[Data for this task — start]

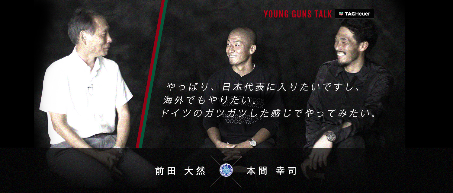 J.LEAGUE.jpが今注目するJリーグ期待の若手選手とそこで長年活躍している先輩選手が、サッカーに対しての互いの想いを語り合うひととき「Young Guns Talk」。今回は水戸ホーリーホックの本間 幸司選手、前田 大然選手にお話しを伺った。聞き手はJリーグ副理事長の原 博実。
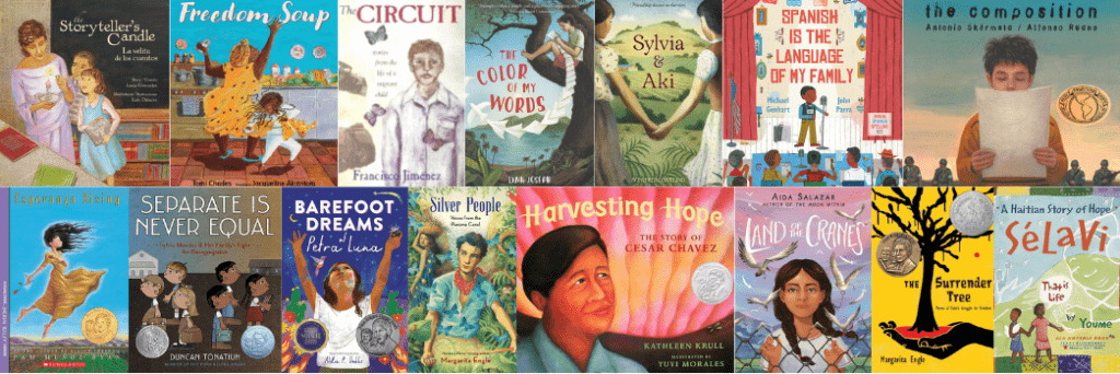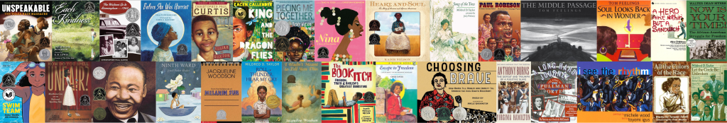 The books underneath each seal have received both the award listed and are a Jane Addams Children’s Book Award winner, honoree, or finalist.
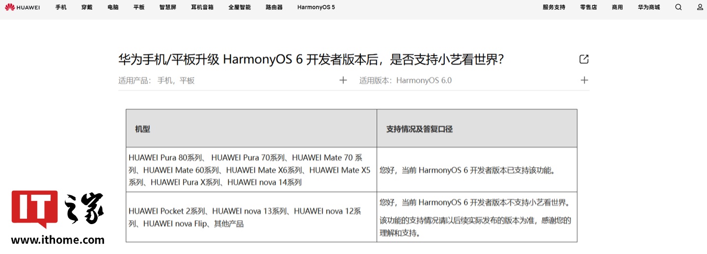 HUAWEI Pocket 2 系列、HUAWEI nova 13 系列、HUAWEI nova 12 系列、HUAWEI nova Flip、其他产品 | 当前 HarmonyOS 6 开发者版本不支持小艺看世界。 该功能的支持情况请以后续实际发布的版本为准。 |
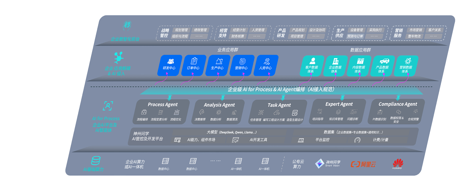 端到端的一站式AI工作空间深度融合了从企业战略规划到日常经营的全流程业务板块,,定向解决车企内部领域多、、、、部门多、、、链条长、、、、场景碎片化等难题,,支持车企快速构建以AI为核心的生产力写作体系,,,实现任务执行与AI能力的无缝集成与交互
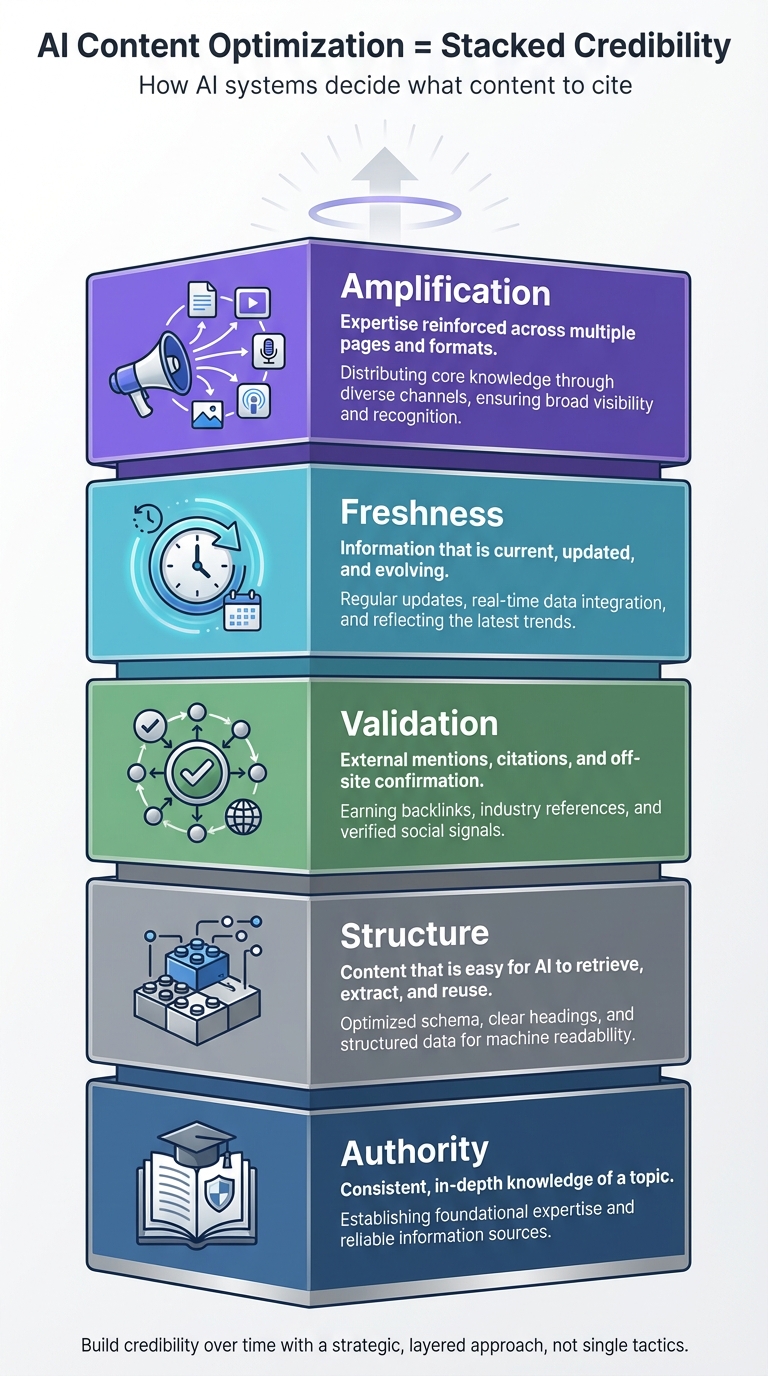 Think of AI content optimization as stacking credibility layers:

[Data for this task — finish]

When you find the line that contains "端到端的一站式AI工作空间深", retype it and every line after it through the end of the data above, exactly, with no pictures.

(Written response):
 端到端的一站式AI工作空间深度融合了从企业战略规划到日常经营的全流程业务板块,,定向解决车企内部领域多、、、、部门多、、、链条长、、、、场景碎片化等难题,,支持车企快速构建以AI为核心的生产力写作体系,,,实现任务执行与AI能力的无缝集成与交互
 Think of AI content optimization as stacking credibility layers:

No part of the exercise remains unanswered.